• **STUDY MATERIAL**:

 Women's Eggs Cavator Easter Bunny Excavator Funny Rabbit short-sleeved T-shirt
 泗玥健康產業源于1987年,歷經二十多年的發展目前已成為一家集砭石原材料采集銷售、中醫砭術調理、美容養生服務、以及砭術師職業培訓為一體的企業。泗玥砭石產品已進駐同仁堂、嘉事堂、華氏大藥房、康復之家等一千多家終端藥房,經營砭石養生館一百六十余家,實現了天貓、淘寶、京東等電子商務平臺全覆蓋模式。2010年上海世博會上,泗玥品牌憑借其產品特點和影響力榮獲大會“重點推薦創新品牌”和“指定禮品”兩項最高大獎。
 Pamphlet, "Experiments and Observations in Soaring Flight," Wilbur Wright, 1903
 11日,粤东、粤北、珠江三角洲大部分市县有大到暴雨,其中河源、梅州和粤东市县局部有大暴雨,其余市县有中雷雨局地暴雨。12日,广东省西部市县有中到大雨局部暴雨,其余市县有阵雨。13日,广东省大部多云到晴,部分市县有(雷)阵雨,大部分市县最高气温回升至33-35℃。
...
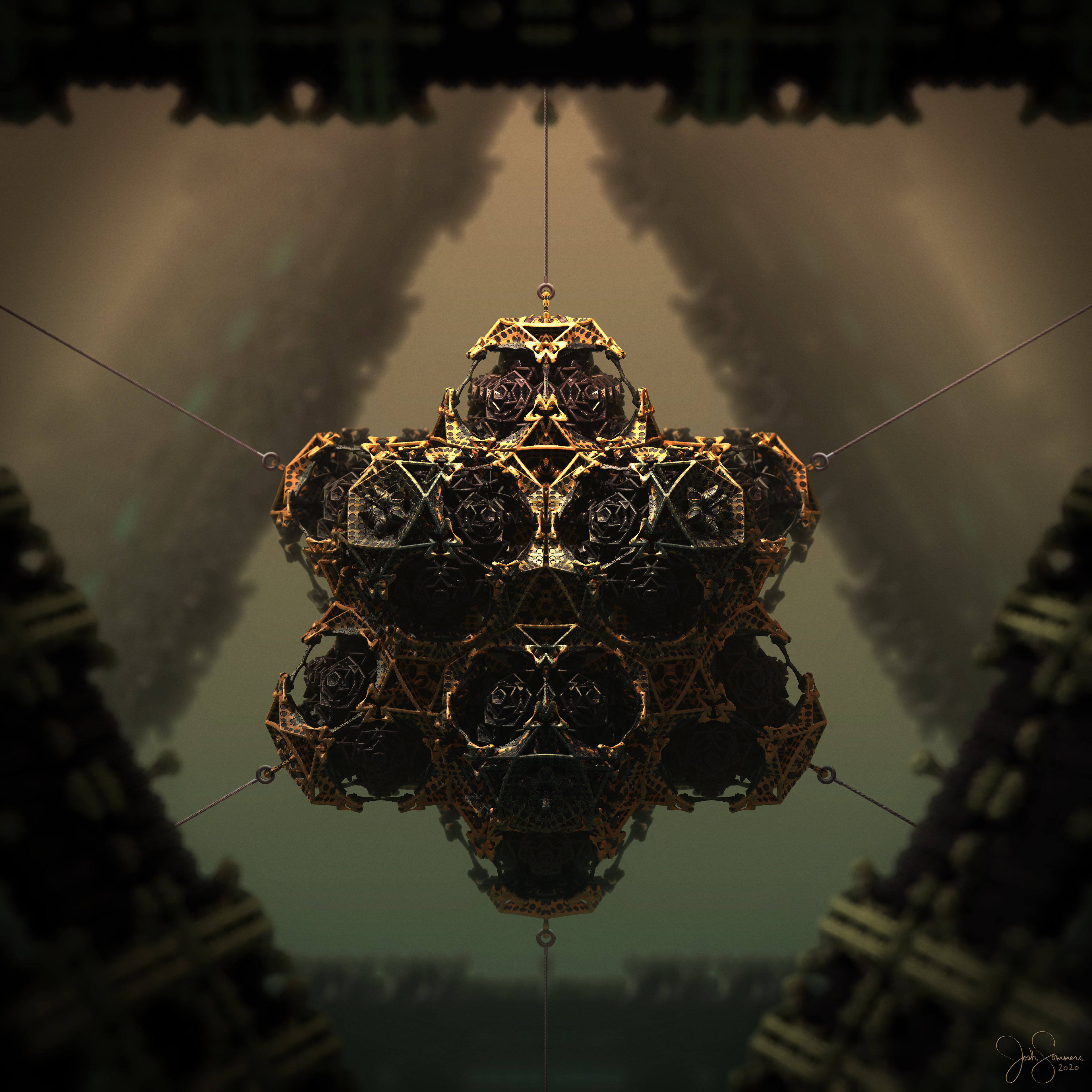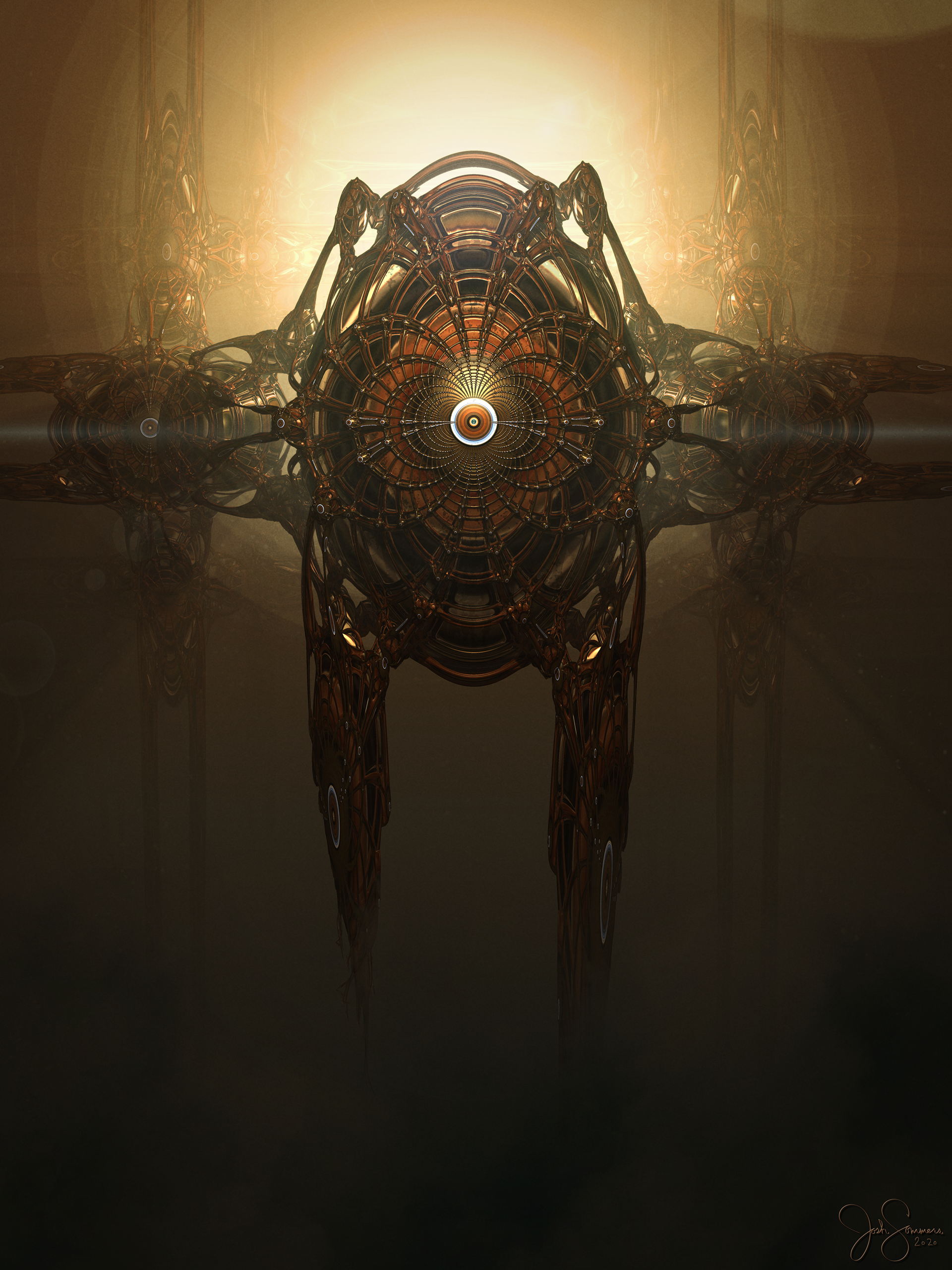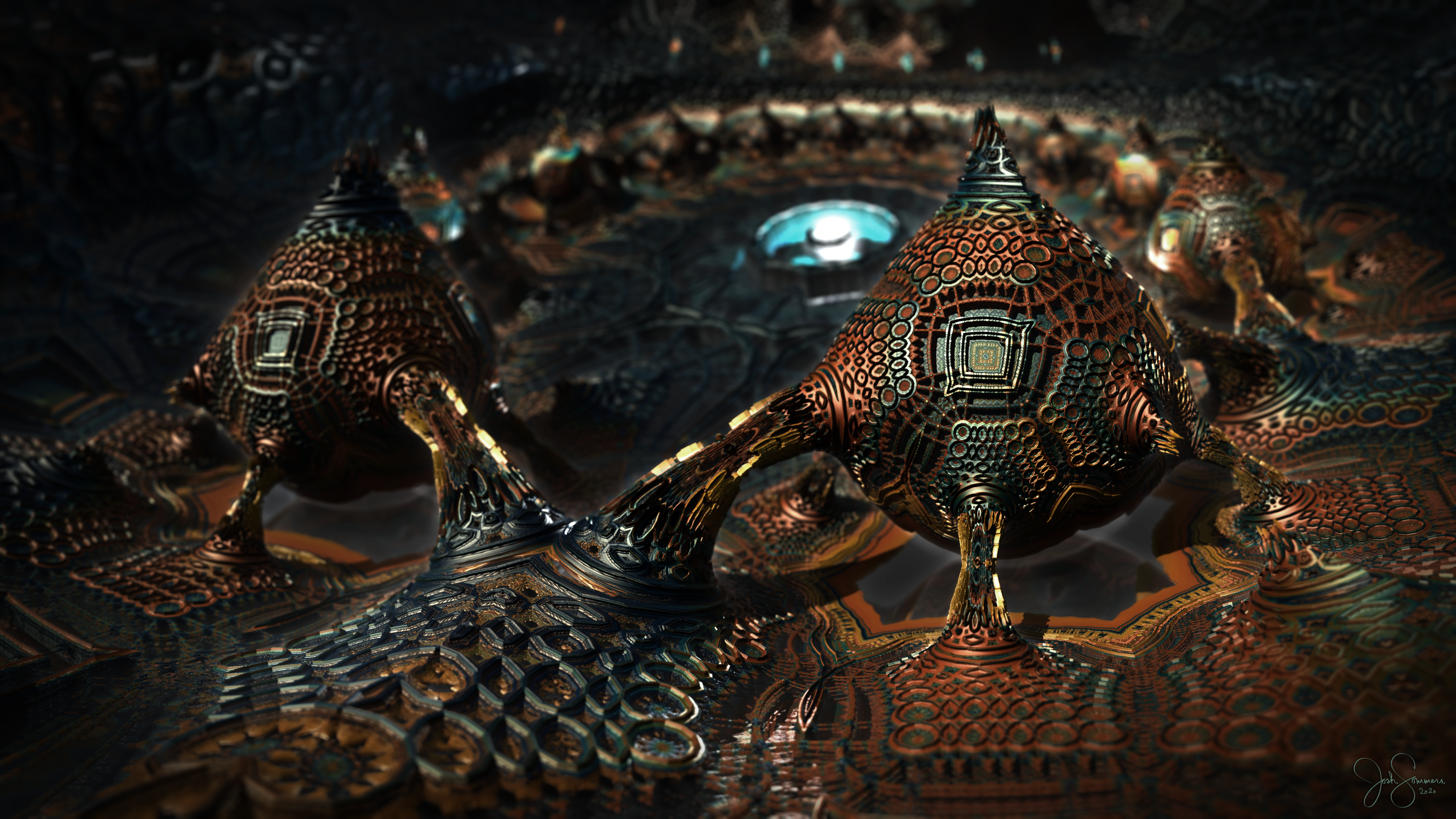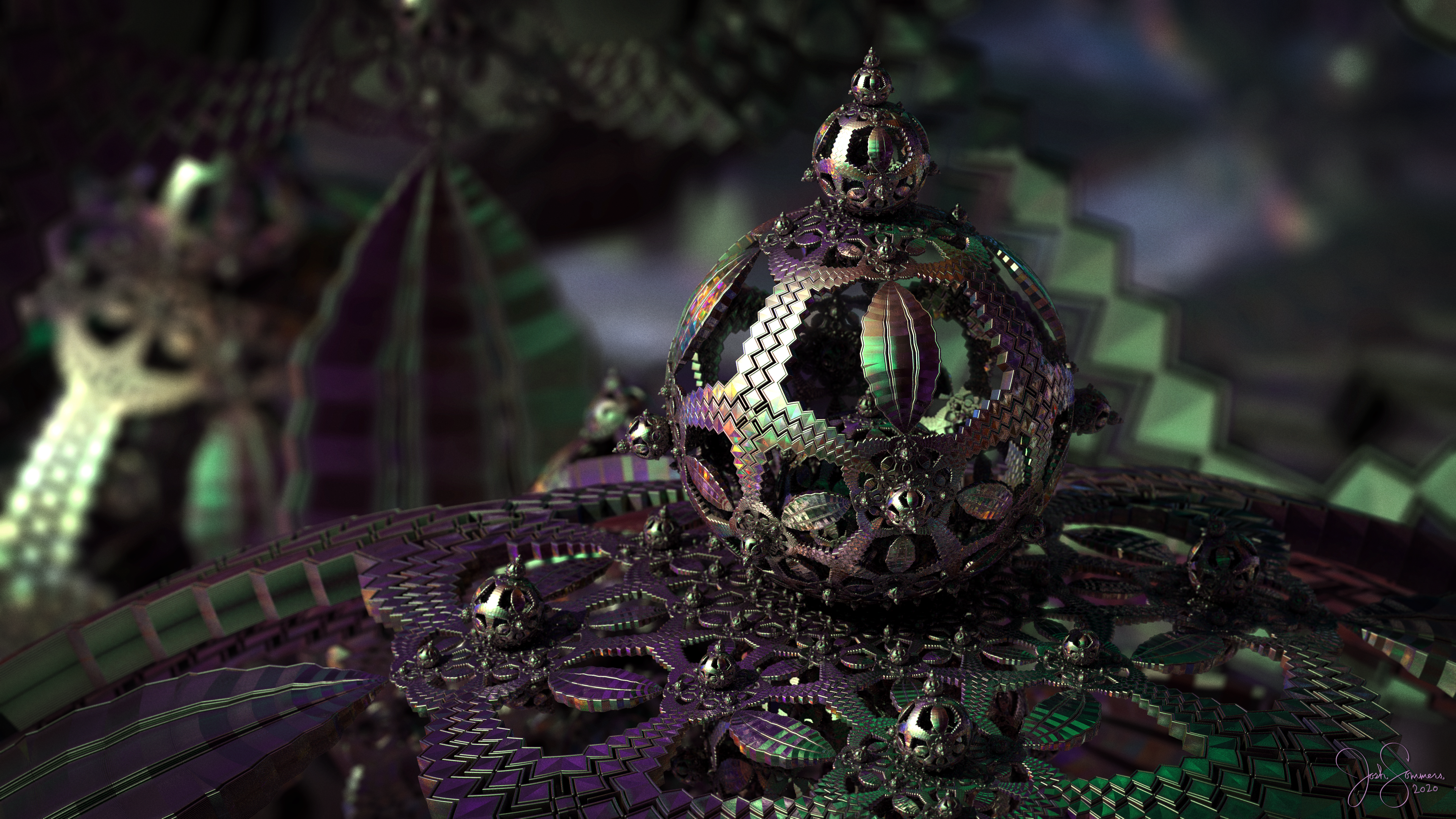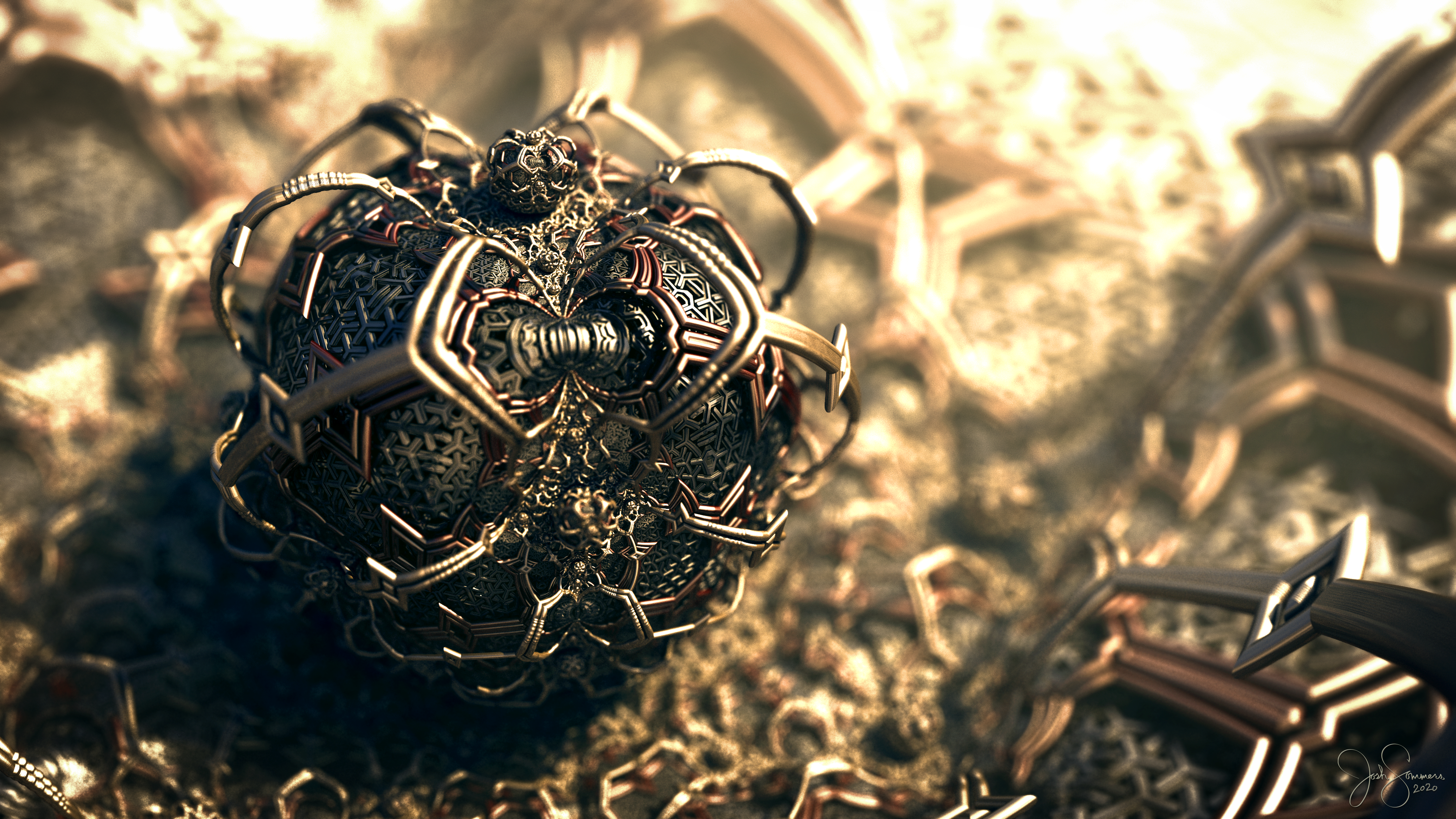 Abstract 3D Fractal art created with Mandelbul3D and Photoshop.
...
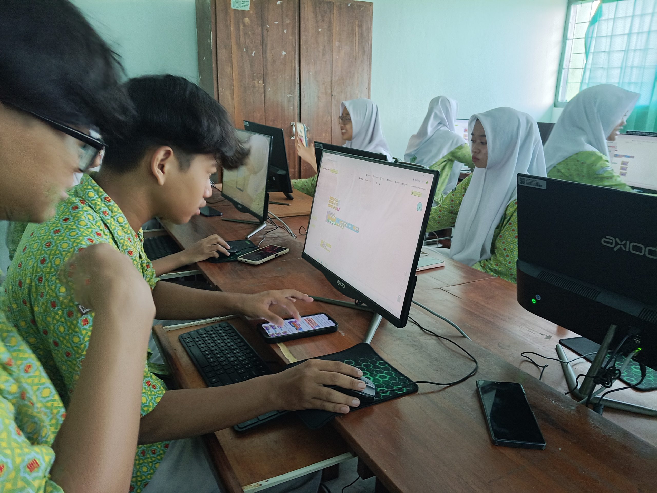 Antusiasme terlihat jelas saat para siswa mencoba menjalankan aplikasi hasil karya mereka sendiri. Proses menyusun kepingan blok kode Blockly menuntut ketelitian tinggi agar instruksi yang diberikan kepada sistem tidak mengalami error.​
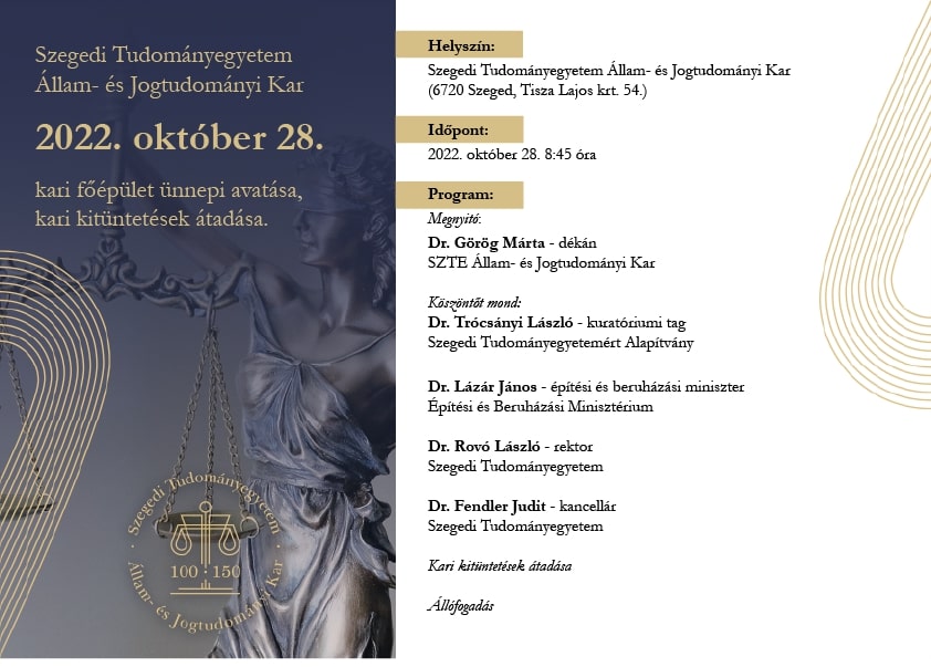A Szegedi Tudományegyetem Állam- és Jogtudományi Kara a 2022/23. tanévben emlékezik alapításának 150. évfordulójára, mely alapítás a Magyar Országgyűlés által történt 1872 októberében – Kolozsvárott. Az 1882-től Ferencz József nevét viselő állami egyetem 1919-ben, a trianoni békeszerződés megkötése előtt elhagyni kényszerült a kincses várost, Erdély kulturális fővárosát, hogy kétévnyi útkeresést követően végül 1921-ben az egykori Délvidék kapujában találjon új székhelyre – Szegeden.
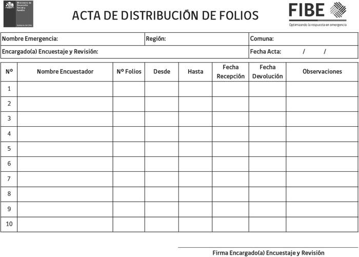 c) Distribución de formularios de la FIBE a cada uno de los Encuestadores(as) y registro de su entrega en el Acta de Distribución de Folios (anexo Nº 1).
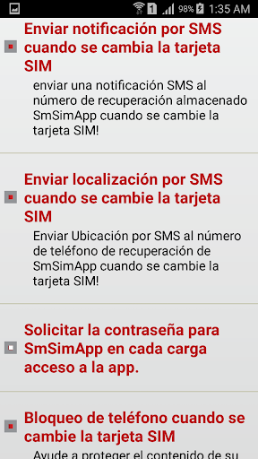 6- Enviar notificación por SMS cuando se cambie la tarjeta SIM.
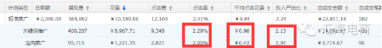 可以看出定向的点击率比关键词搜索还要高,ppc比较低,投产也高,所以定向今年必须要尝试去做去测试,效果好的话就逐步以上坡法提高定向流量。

• **WHAT YOU SHOULD DO**:
From the line that has "泗玥健康產業源于1987年,歷經二十多年" through the line that has "11日,粤东、粤北、珠江三角", copy every line exactly as it appears above, and leave out all others.

• **RESULT**:
 泗玥健康產業源于1987年,歷經二十多年的發展目前已成為一家集砭石原材料采集銷售、中醫砭術調理、美容養生服務、以及砭術師職業培訓為一體的企業。泗玥砭石產品已進駐同仁堂、嘉事堂、華氏大藥房、康復之家等一千多家終端藥房,經營砭石養生館一百六十余家,實現了天貓、淘寶、京東等電子商務平臺全覆蓋模式。2010年上海世博會上,泗玥品牌憑借其產品特點和影響力榮獲大會“重點推薦創新品牌”和“指定禮品”兩項最高大獎。
 Pamphlet, "Experiments and Observations in Soaring Flight," Wilbur Wright, 1903
 11日,粤东、粤北、珠江三角洲大部分市县有大到暴雨,其中河源、梅州和粤东市县局部有大暴雨,其余市县有中雷雨局地暴雨。12日,广东省西部市县有中到大雨局部暴雨,其余市县有阵雨。13日,广东省大部多云到晴,部分市县有(雷)阵雨,大部分市县最高气温回升至33-35℃。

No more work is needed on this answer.